La nouvelle loi sur le ministère public annule donc totalement les amendements de 2009 et fusionne les fonctions de ministre de la

Justice et de procureur général pour les confier à une seule personne, le ministre de la Justice. Le Commissaire aux droits de l’homme

de la Pologne (Ombudsman) a contesté la nouvelle loi devant la Cour constitutionnelle. La légalité du comité de juges de la Cour

constitutionnelle qui a examiné cette affaire a été cependant remise en question, car il comprenait des juges nommés illégalement et

l’Ombudsman a donc décidé de retirer sa requête. […]

Comme l’indique la Commission de Venise, conférer des pouvoirs étendus à un responsable politique qui occupe le poste de ministre de

la Justice « crée un risque réel d’abus ». […] le simple fait que le ministère public soit exposé à un risque d’abus politique contre lequel

la loi ne prévoit pas de garanties, met en péril l’État de droit en Pologne et suscite de graves inquiétudes. Le ministère public, et le

système judiciaire en général, doivent être non seulement indépendants et impartiaux, mais aussi être perçus comme tels.

En outre, la loi confère des pouvoirs considérables au procureur général, et par conséquent au ministre de la Justice, dans le cadre de

la nomination et de la promotion des procureurs ainsi que des actions disciplinaires prises à leur encontre (y compris la révocation).

Les procureurs sont nommés par le procureur général, sur proposition du procureur national (substitut du procureur général qui est

également un représentant politique). Si le procureur général peut solliciter l’avis d’un conseil de procureurs, il n’est pas tenu de le

respecter. Par ailleurs, il peut, « dans des cas particulièrement justifiés », nommer le candidat proposé par le procureur national sans

passer par un concours. Après la première nomination, aucun concours n’est prévu et les promotions sont décidées par la hiérarchie.
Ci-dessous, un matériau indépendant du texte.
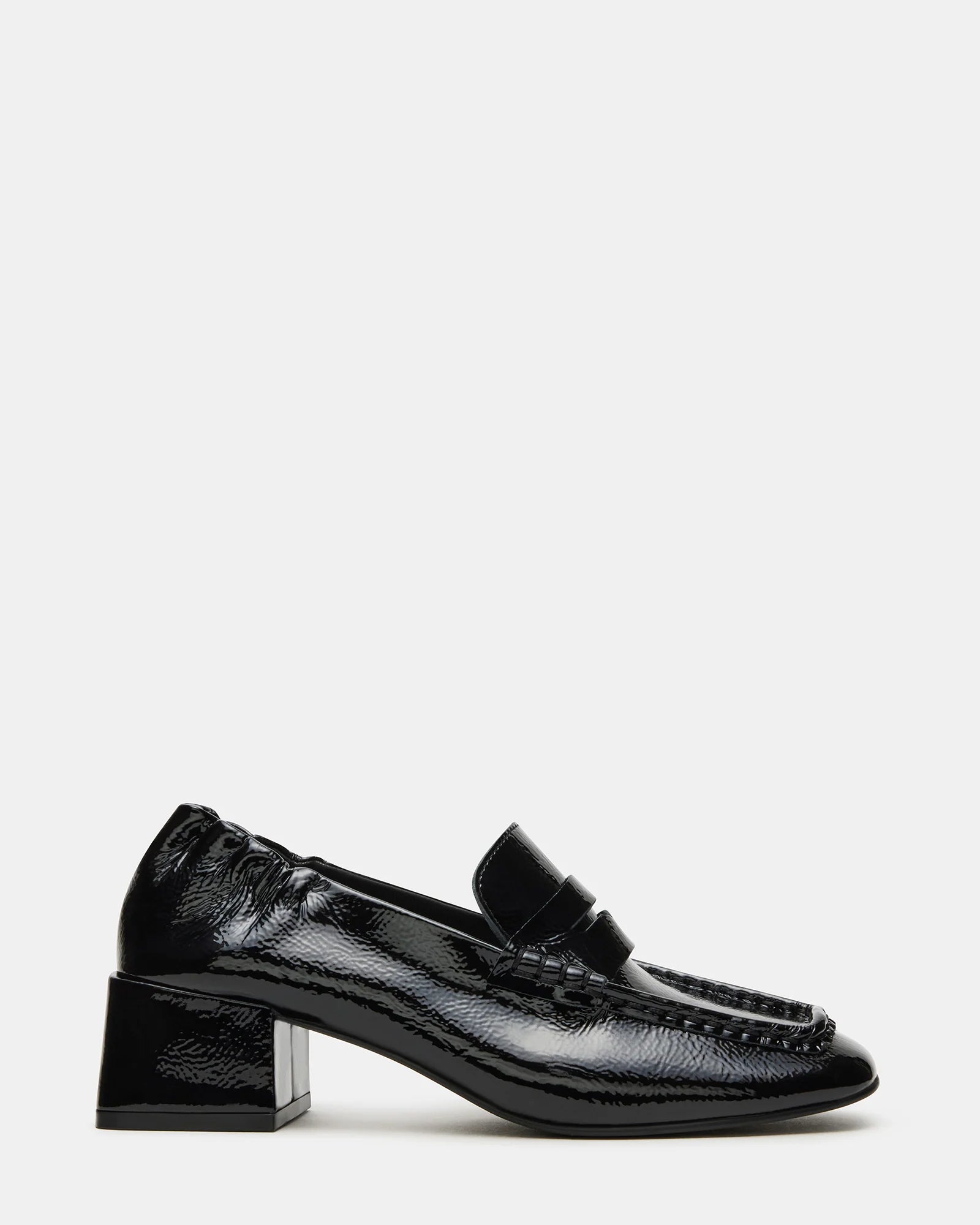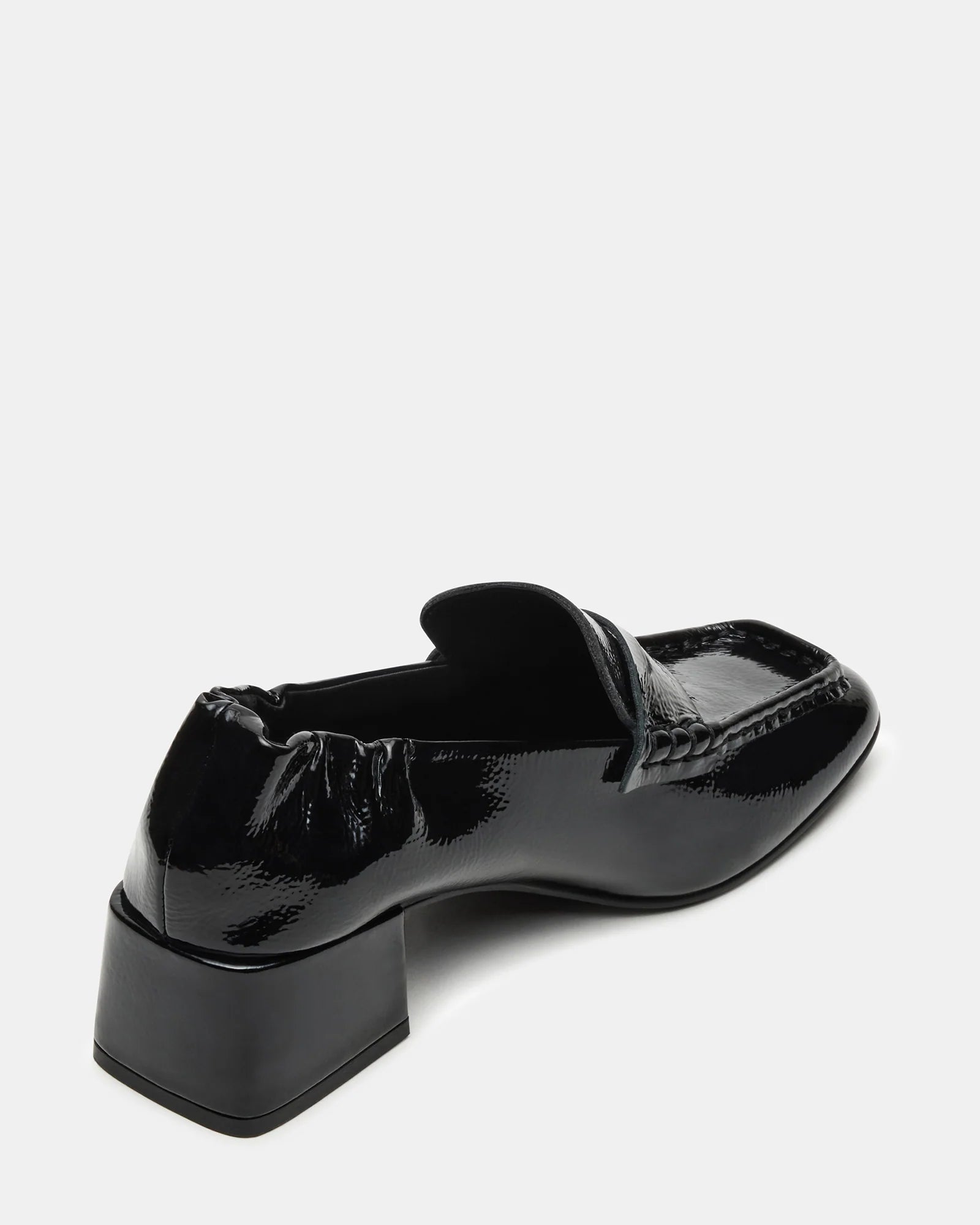 The ESTEE BLACK CRINKLE PATENT features a refined heeled square-toe design, combining contemporary style with expert craftsmanship. Its crinkle patent finish adds a subtle texture, while the structured heel provides both elegance and support. This loafer is ideal for professionals seeking a sophisticated yet comfortable shoe that enhances any outfit with a modern edge.
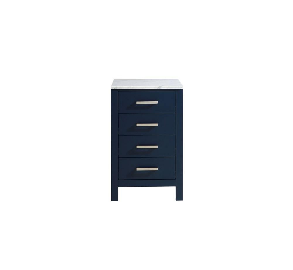 Jacques 20" Navy Blue Side Cabinet | White Carrara Marble Top
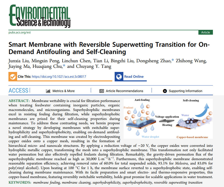 市政工程专业彭铭鑫、陈霖纯(指导老师柳君侠)在环境领域顶刊(Environmental Science & Technology)以“Smart Membrane with Reversible Superwetting Transition for On-Demand Antifouling and Self-Cleaning”为题发表最新研究成果。论文基于智能仿生理念,提出构建“超亲水/超疏水”智能转换来按需实现膜“抗污染/自清洁”,研究成果为膜法水处理中膜污染的高效控制提供新思路。

En ce qui concerne les procédures disciplinaires, le procureur général a notamment le droit d’inspecter les activités des juridictions

disciplinaires (composées des procureurs subordonnés au procureur général), de réprouver les transgressions constatées, d’exiger des

explications ainsi que la réparation des effets des transgressions.

La combinaison de ces pouvoirs confère au procureur un contrôle total sur les carrières des procureurs individuels et du service public

en tant que tel. […] La concentration de tous ces pouvoirs (excessifs) entre les mains du ministre de la Justice expose le système aux

abus, compromet l’indépendance de la justice et va à l’encontre du principe de respect de l’État de droit. »

1. Conseil de l’Europe, Assemblée parlementaire, Le fonctionnement

des institutions démocratiques en Pologne, Rapport,

Doc. 15025, 6 janvier 2020, paras 45-58.